● **Task statement**
Stop after the line that contains "<p>Giant, wide angle". Until then, retype each line of the entries exactly from the first one, skipping pictures.

Items listed in a dataset
======

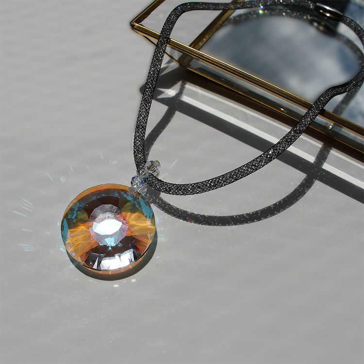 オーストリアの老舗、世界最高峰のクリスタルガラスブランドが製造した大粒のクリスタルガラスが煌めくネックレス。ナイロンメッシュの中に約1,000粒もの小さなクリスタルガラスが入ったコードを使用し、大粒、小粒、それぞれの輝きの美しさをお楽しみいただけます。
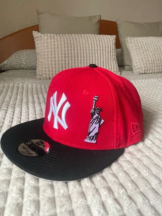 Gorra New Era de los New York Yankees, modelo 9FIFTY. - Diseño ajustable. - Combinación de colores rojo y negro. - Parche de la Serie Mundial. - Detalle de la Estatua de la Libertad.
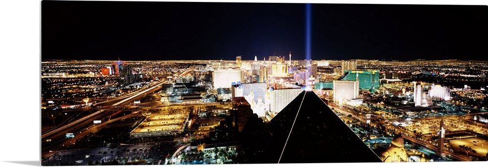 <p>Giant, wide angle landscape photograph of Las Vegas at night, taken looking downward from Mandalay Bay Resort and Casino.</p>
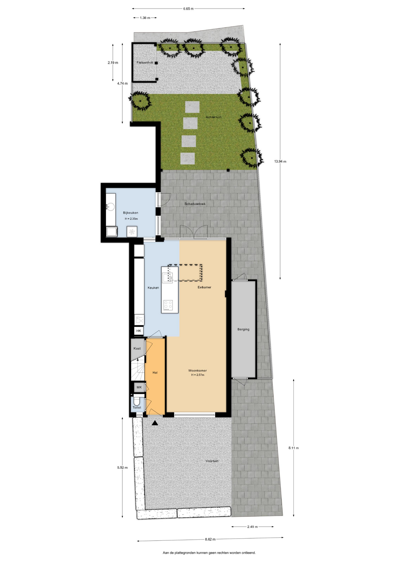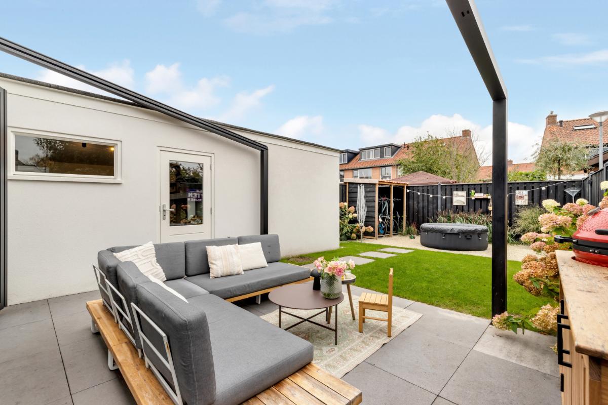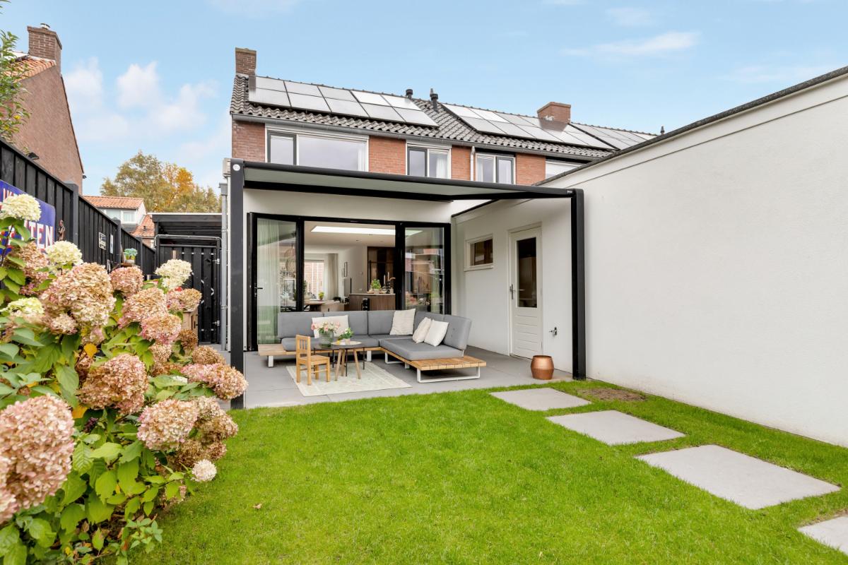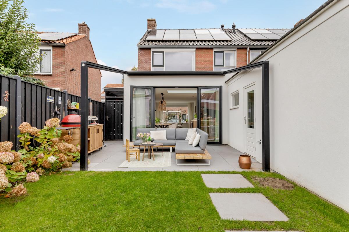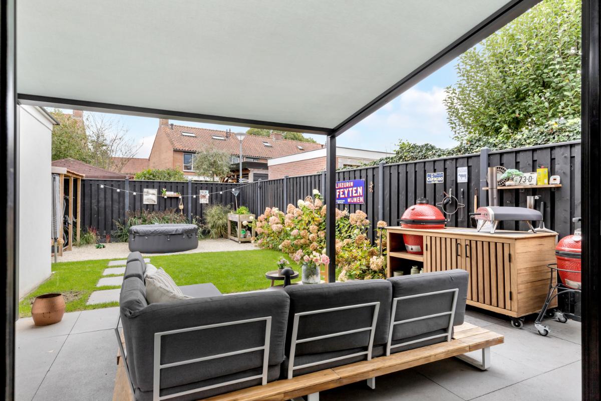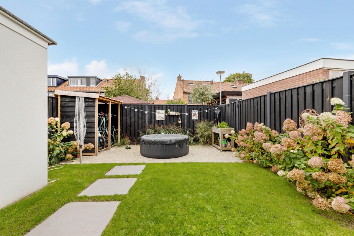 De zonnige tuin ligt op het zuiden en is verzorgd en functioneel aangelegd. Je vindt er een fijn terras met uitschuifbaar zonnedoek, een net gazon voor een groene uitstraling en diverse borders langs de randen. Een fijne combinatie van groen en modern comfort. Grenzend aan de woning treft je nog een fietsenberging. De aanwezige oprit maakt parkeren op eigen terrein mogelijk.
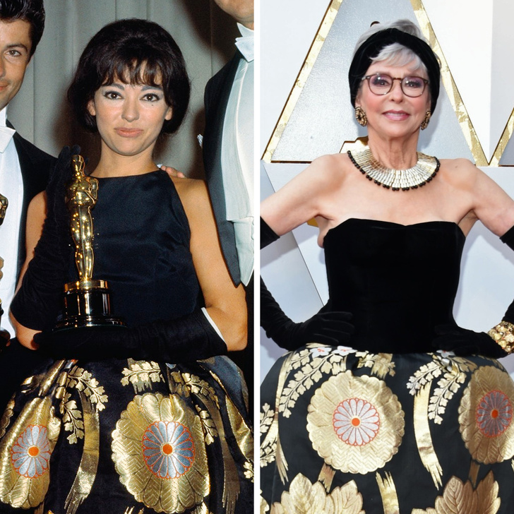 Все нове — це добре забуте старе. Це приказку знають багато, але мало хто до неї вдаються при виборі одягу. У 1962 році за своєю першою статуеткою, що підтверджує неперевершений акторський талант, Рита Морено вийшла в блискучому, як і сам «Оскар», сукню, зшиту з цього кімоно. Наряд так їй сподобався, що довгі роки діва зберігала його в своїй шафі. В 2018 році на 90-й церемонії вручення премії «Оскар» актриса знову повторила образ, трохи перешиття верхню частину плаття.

======

● **Result for this task**
 オーストリアの老舗、世界最高峰のクリスタルガラスブランドが製造した大粒のクリスタルガラスが煌めくネックレス。ナイロンメッシュの中に約1,000粒もの小さなクリスタルガラスが入ったコードを使用し、大粒、小粒、それぞれの輝きの美しさをお楽しみいただけます。
 Gorra New Era de los New York Yankees, modelo 9FIFTY. - Diseño ajustable. - Combinación de colores rojo y negro. - Parche de la Serie Mundial. - Detalle de la Estatua de la Libertad.
 <p>Giant, wide angle landscape photograph of Las Vegas at night, taken looking downward from Mandalay Bay Resort and Casino.</p>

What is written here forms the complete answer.